Gas trading “is something that we will continue to invest in going forward. In terms of linking back to our asset positions, we can also, of course, sort of replicate those through leasing our own storage…in both oil and gas. So it doesn’t absolutely rely on the asset base in place.”

As far as where the trading arm ranks in terms of the return on capital, Gilvary said it depended “on the nature of the business and how long you’ve been in the business, the continuity of that business…portfolio changes,” which play to BP’s strength.

“We look to ensure that the returns that we get in the business are accretive to the group. So if you look at where the group is,” given the “risk-adjusted return typically in this space, you’d be wanting that to be significantly higher than the average earnings for the group on a risk-weighted basis.”

BP also continues to produce domestic natural gas and is exploring acreage that others have of late ignored because the company has plenty of infrastructure to back up its positions.

“Part of the question has to do with scale of operations in the various areas,” as to where BP deploys dry gas rigs, said CEO Bob Dudley. “Certainly, with scale like we have in San Juan, it produces high rates of production but it’s pretty dry gas. I think that obviously, the first thing we’re interested in is our liquids because that’s where most of the value is.” Gas-rich production areas “like Wamsutter, where we get a reasonable amount of liquids as well, 40% liquids, we’ve got three rigs running there. We don’t have that many [dry gas] rigs running in North America.

“We’ve got three in Wamsutter; we’ve got two running in the Haynesville, which is only about 20% liquids. But, we’ve got to restructure that business to get the cost and then let the business itself look through the Wamsutter, the San Juan, the Anadarko, Woodford, etc.” The restructuring with the new E&P entity would determine which direction Lower 48 business goes.

“We have delivered a solid start to the year, which puts us firmly on course to deliver our 2014 goal of delivering $30-31 billion of operating cash flow,” said Dudley.

“It’s a little premature at this point” to detail the projections for the Lower 48 business “because it was only a month ago that we announced it,” Gilvary said. However, the upstream team led by Lamar McKay is revolving “around what the new governance model looks like, all of the various internal announcements, what that means in terms of sizing the organization…”

BP as of last year had sold about $38 billion of assets to help defray the costs of the Macondo well blowout in April 2010. It is planning to sell another $10 billion of assets through 2015. All of the sales punched net profits, evident in the quarterly results. Production in 1Q2014 dropped 8.5% year/year to 2.13 million boe/d. Second quarter production also is expected to be lower.

“We are continuing to simplify,” Dudley said. However, exploration and production spending in 2014 should fall 1% from 2013 on efficiencies.

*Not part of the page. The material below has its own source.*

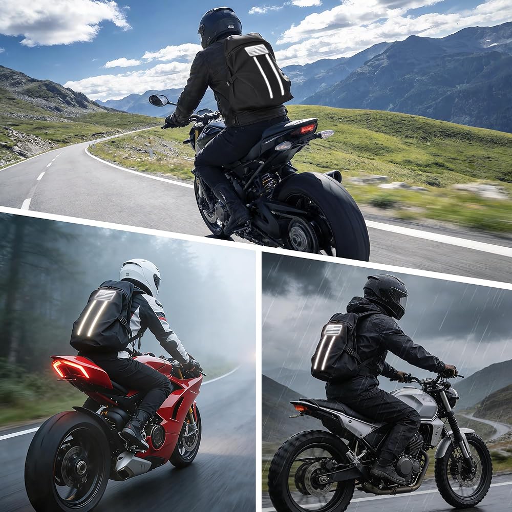 ركوب آمن وتصميم عاكس: تم تصميم حقيبة الدراجة النارية هذه بأشرطة عاكسة عالية الوضوح وشعار العلم العاكس، مما يعزز الرؤية في الليل أو في الإضاءة المنخفضة لركوب آمن. هيكل خفيف الوزن لا يجلب أي عبء إضافي أثناء رحلتك.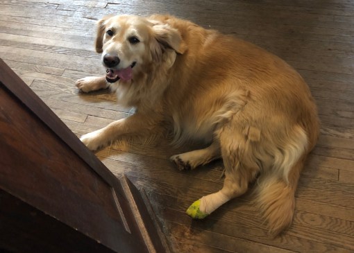 Every time I go outside My Margret has to put a plastic bag on my bandaged foot. I don’t like it very much because I forget and wag my tail and some of my tail hairs get caught in the tape.

BP reported replacement cost (RC) profits of $3.48 billion in 1Q2014 versus $16.6 billion in the year-ago period. However, 1Q2013 results included $12.5 billion in profits from the sale of a stake in Russia’s TNK-BP.

Excluding the TNK-BP sale, quarterly earnings fell 23% to $3.23 billion (17.5 cents/share) from $4.22 billion (22 cents); they were 15% higher than in 4Q2013. Revenues slipped to $91.71 billion from $94.11 billion. RC profit strips out inventory gains/losses, similar to net profits in the United States. Operating cash flow was more than double that of a year ago at $8.2 billion from $4.0 billion.

Compared with the year-ago first quarter, BP’s result reflected higher costs, mostly noncash, in the upstream business, a weaker refining environment and lower production because of asset sales. Although it had lower costs and a big trading contribution, results were partly offset by a reduction in BP’s share of earnings from OAO Rosneft because of recent weakness in Russia’s ruble, and the absence of one-off benefits to BP’s share of Rosneft net income in 4Q2013.